### Requirement
Return the data exactly, apart from leaving out the pictures.

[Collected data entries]
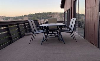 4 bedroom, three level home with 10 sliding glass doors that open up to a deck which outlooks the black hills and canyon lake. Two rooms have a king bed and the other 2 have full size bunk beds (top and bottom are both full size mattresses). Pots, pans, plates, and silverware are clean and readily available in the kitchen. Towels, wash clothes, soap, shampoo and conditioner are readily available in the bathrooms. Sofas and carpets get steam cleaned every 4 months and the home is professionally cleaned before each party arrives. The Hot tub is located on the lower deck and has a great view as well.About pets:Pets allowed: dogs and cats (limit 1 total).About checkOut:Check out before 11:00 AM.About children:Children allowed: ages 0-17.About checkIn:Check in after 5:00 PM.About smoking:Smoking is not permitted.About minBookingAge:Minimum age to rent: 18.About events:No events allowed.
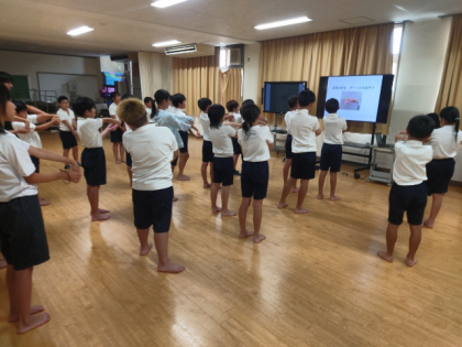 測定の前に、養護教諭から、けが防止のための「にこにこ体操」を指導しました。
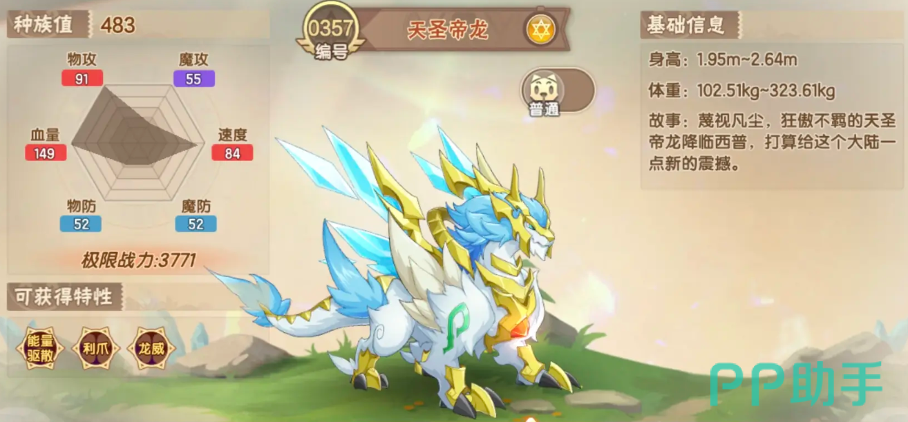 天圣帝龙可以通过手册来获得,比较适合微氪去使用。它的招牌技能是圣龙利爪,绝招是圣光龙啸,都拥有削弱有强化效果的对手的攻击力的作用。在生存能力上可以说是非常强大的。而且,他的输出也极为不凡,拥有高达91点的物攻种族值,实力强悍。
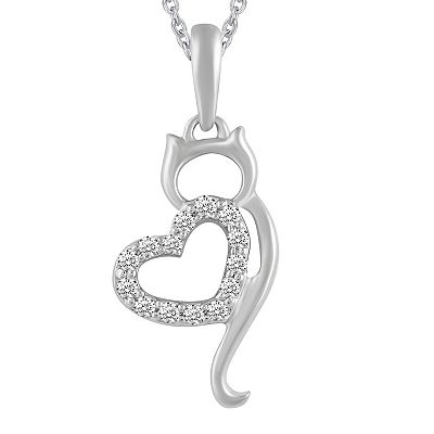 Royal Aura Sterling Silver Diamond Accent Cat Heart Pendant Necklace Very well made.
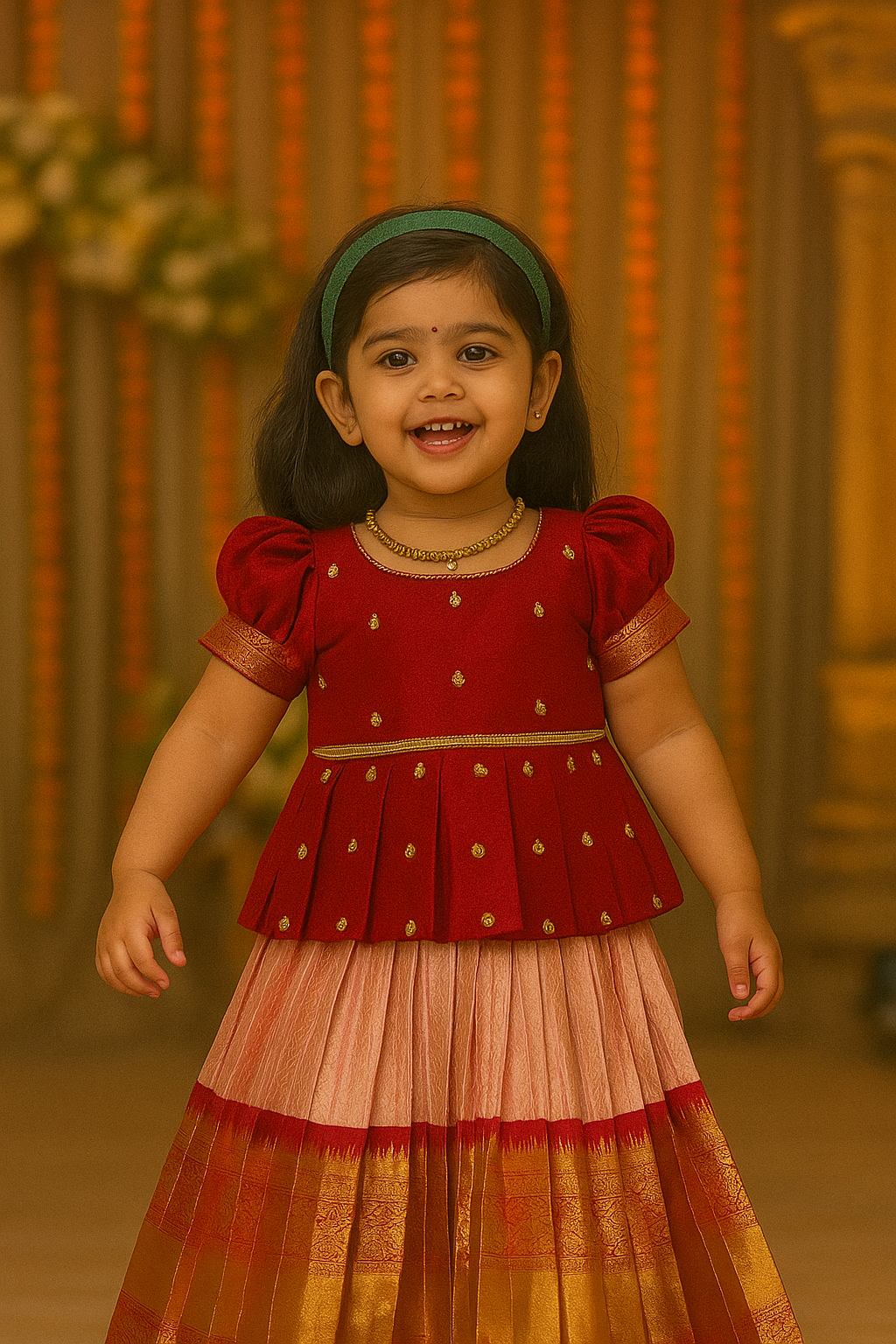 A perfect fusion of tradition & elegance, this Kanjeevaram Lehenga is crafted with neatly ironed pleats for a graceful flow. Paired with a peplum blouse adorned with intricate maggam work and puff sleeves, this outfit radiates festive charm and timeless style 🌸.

### Task output
 4 bedroom, three level home with 10 sliding glass doors that open up to a deck which outlooks the black hills and canyon lake. Two rooms have a king bed and the other 2 have full size bunk beds (top and bottom are both full size mattresses). Pots, pans, plates, and silverware are clean and readily available in the kitchen. Towels, wash clothes, soap, shampoo and conditioner are readily available in the bathrooms. Sofas and carpets get steam cleaned every 4 months and the home is professionally cleaned before each party arrives. The Hot tub is located on the lower deck and has a great view as well.About pets:Pets allowed: dogs and cats (limit 1 total).About checkOut:Check out before 11:00 AM.About children:Children allowed: ages 0-17.About checkIn:Check in after 5:00 PM.About smoking:Smoking is not permitted.About minBookingAge:Minimum age to rent: 18.About events:No events allowed.
 測定の前に、養護教諭から、けが防止のための「にこにこ体操」を指導しました。
 天圣帝龙可以通过手册来获得,比较适合微氪去使用。它的招牌技能是圣龙利爪,绝招是圣光龙啸,都拥有削弱有强化效果的对手的攻击力的作用。在生存能力上可以说是非常强大的。而且,他的输出也极为不凡,拥有高达91点的物攻种族值,实力强悍。
 Royal Aura Sterling Silver Diamond Accent Cat Heart Pendant Necklace Very well made.
 A perfect fusion of tradition & elegance, this Kanjeevaram Lehenga is crafted with neatly ironed pleats for a graceful flow. Paired with a peplum blouse adorned with intricate maggam work and puff sleeves, this outfit radiates festive charm and timeless style 🌸.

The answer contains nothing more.